I’m not sure how I feel about this.
He never lets me put on makeup or change my shirt, and I’ve usually just finished cooking Sunday dinner for a mob of beggars so there may or may not be gravy stains on my clothing. The only light he provides is an electric GE camping lantern, if he can find it. So, half the time I look like I’ve smeared gravy in the bags under my eyes. And there’s never any rehearsal. It’s just shoot from my gravy stained hip. That I’m okay with.
The next debate he’s scheduled is titled, The Value of Reading Fiction, and on this topic, we’re probably going to be in sync. Fiction makes everything clearer.
For example: Thomas Tryon, a horror writer in the 1970’s wrote a truly cautionary tale called Harvest Home. In it, he detailed a remote northern town whose corn cult required human sacrifice and a fertility ceremony. I read it and made notes: never move north, never become a corn farmer, and never, ever peak at the secret “corn making” ceremony if you want to keep your tongue and your eyes. Sure, it’s fiction, but you never can tell.

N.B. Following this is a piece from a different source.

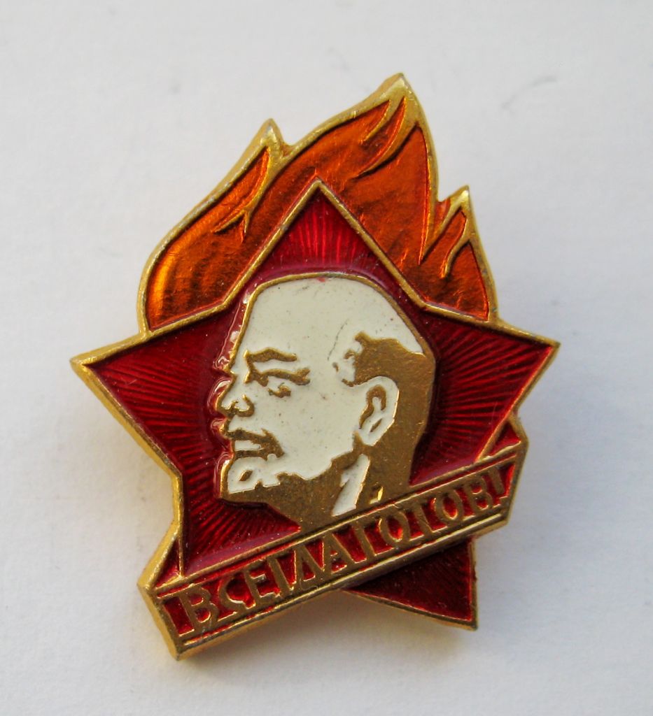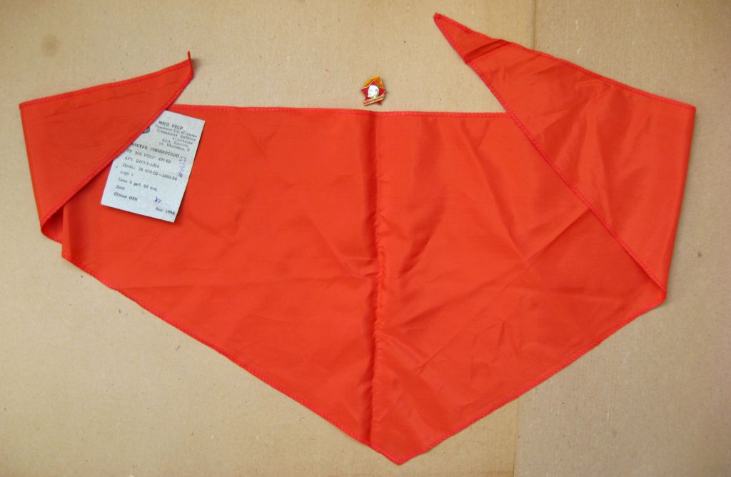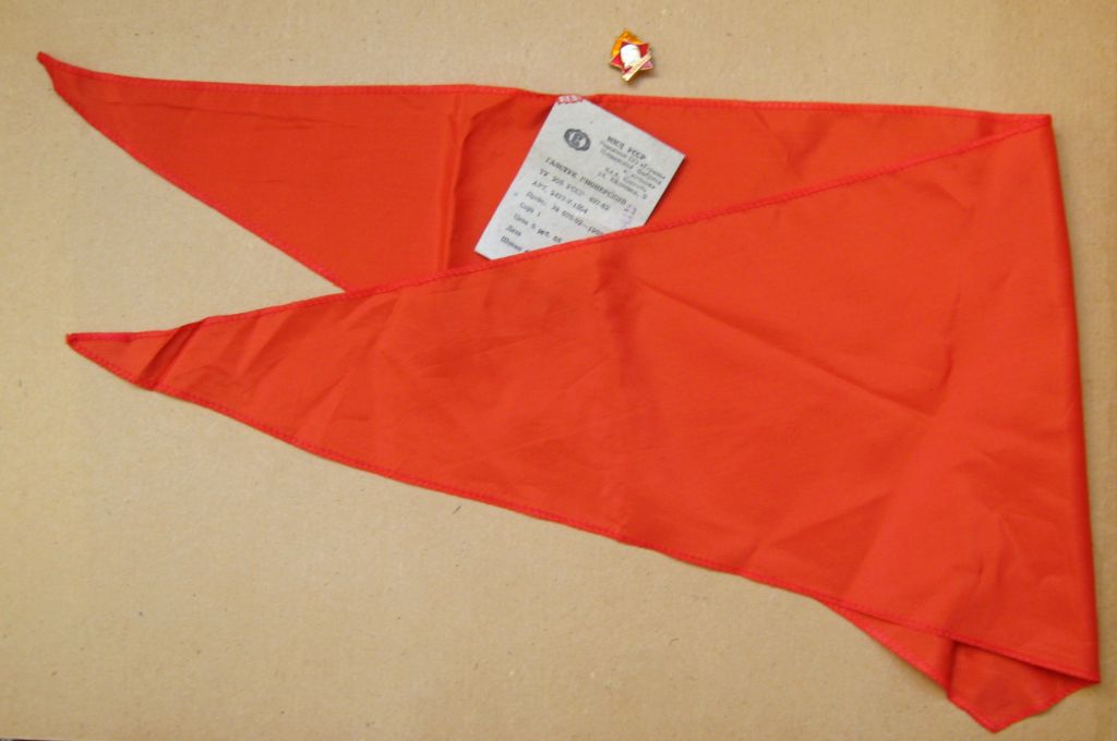 Пионерский галстук и значок = набор пионера СССР = галстук с биркой - значок в люксе

Stephen King wrote a book about vampires before the vampires got sexy. My husband worked nights at the time, slept days, and I never saw him conscious when the sun was out. Never. I read Salem’s Lot and learned how to recognize a vampire when I saw one. It’s not a coincidence that the town where vampires were crawling all over the town dump was somewhere up north, probably next to the corn cult creeps.
And who, after reading Pat Frank’s Alas Babylon, doesn’t understand the importance of storing up salt against a nuclear attack from Russia. I’m ready.
Every work of fiction provides dry runs for life. What would you do if? What would you think when? How would you cope after? Where do you go during?
When we read books, we walk into worlds that don’t exist and face monsters that can’t be true, but at the end of every imaginary journey is the possibility that we will discover some small gem of truth that will aid us on our way in the real world above the fiction.